To respond to the message, please log on to GitHub and use the
URL above to go to the specific comment.

To unsubscribe, e-mail: reviews-unsubscribe@spark.apache.org

For queries about this service, please contact Infrastructure at:
users@infra.apache.org


---------------------------------------------------------------------
To unsubscribe, e-mail: reviews-unsubscribe@spark.apache.org
For additional commands, e-mail: reviews-help@spark.apache.org


Re: [PR] [SPARK-46203][SQL][HIVE] Support get partitions by names in partition filter [spark]
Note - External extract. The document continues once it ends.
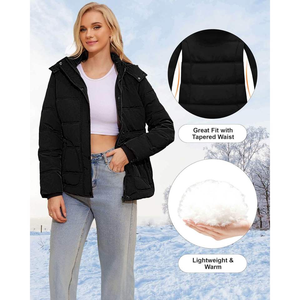 2025 Women's Lightweight Winter Coats Waterproof Quilted Jacket Removable Hood Warm Cotton-filled Puffer Jacket Winter Puffer
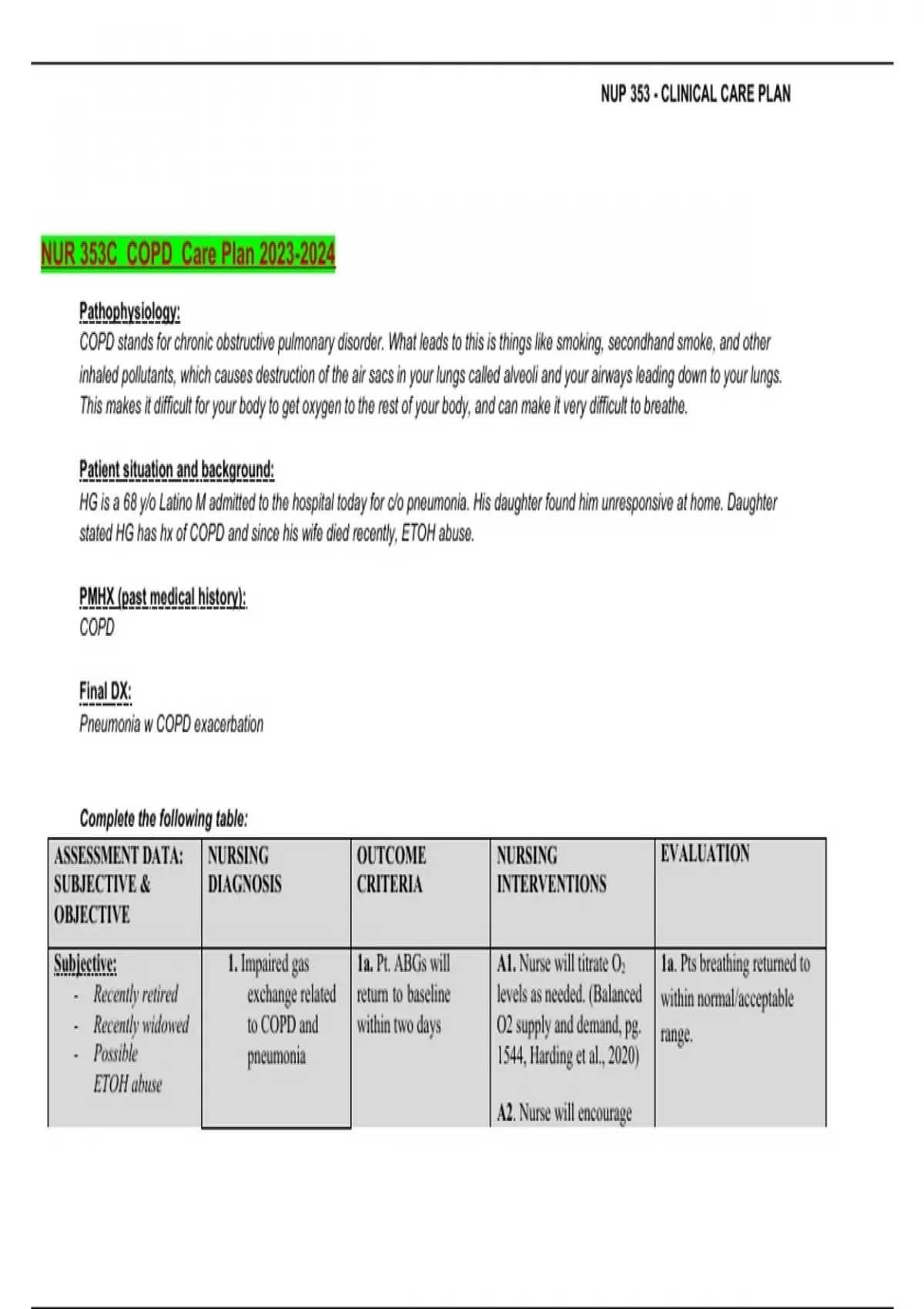 NUR 353C COPD Care Plan 2023-2024

Posted by "github-actions[bot] (via GitHub)" <gi...@apache.org>.
github-actions[bot] closed pull request #44111: [SPARK-46203][SQL][HIVE] Support get partitions by names in partition filter
URL: https://github.com/apache/spark/pull/44111


-- 
This is an automated message from the Apache Git Service.
To respond to the message, please log on to GitHub and use the
URL above to go to the specific comment.

To unsubscribe, e-mail: reviews-unsubscribe@spark.apache.org

For queries about this service, please contact Infrastructure at:
users@infra.apache.org


---------------------------------------------------------------------
To unsubscribe, e-mail: reviews-unsubscribe@spark.apache.org
For additional commands, e-mail: reviews-help@spark.apache.org


Re: [PR] [SPARK-46203][SQL][HIVE] Support get partitions by names in partition filter [spark]
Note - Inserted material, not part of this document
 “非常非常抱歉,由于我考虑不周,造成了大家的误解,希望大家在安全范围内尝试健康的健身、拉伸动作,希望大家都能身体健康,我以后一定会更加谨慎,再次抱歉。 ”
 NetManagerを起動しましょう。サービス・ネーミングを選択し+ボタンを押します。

Posted by "wecharyu (via GitHub)" <gi...@apache.org>.
wecharyu commented on PR #44111:
URL: https://github.com/apache/spark/pull/44111#issuecomment-1842613788

   cc: @pan3793 @LuciferYang Could you help take a look?


-- 
This is an automated message from the Apache Git Service.
To respond to the message, please log on to GitHub and use the
URL above to go to the specific comment.

To unsubscribe, e-mail: reviews-unsubscribe@spark.apache.org

For queries about this service, please contact Infrastructure at:
users@infra.apache.org


---------------------------------------------------------------------
To unsubscribe, e-mail: reviews-unsubscribe@spark.apache.org
For additional commands, e-mail: reviews-help@spark.apache.org


Re: [PR] [SPARK-46203][SQL][HIVE] Support get partitions by names in partition filter [spark]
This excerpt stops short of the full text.